The circuit is located on Yas Island, a headland that was cut off from the mainland by a canal. It has sixteen corners and several straights, and passes by the marina and through the Yas Hotel Abu Dhabi designed by New York-based architects Hani Rashid and Lise Anne Couture of Asymptote Architecture with a facade lighting design by Rogier van der Heide.

The circuit has five grandstand areas (Main Grandstand, West Grandstand, North Grandstand, South Grandstand, and Marina Grandstand) and part of its pit lane exit runs underneath the track. It also houses a team building behind the pit building, Media Center, Dragster Track and VIP Tower. Additionally, one of the run-off areas runs underneath the West grandstand.

This changed when the previous turns 4, 5 and 6 were redesigned and the previous turns 11, 12 and 13 were also reconfigured in time for the 2021 Abu Dhabi Grand Prix.

Construction

The circuit was built by main contractor Cebarco-WCT WLL, under contract from developer Aldar Properties. Among the sub-contractors involved were KOH AH HING (KAHBINA) from Malaysia (structural contractor), as well as specialised subcontractors like Voltas (MEP), PKE-Siemens (MEP), Able-Middle East (earthworks), Hamilton International (interior) and Bau Bickhardt (track) to name a few.

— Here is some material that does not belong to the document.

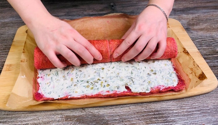 8. Щільно закручуємо в рулет і заготаємо в харчову плівку. Прибираємо в холодильник на 3-4 години або на ніч.

The circuit was constructed with a permanent lighting system provided by Musco Lighting, similar to the one installed at Losail International Circuit in Qatar. Yas Marina Circuit is the largest permanent sports venue lighting project in the world; previously the title had been held by Losail International Circuit.

The surface of the track is made of graywacke aggregate, shipped to Abu Dhabi from a Bayston Hill quarry in Shropshire, England. The surface material is highly acclaimed by circuit bosses and Formula One drivers for the high level of grip it offers, though at the expense of a higher rate of tyre wear. The same aggregate material is used at the Bahrain International Circuit for the Bahrain Grand Prix.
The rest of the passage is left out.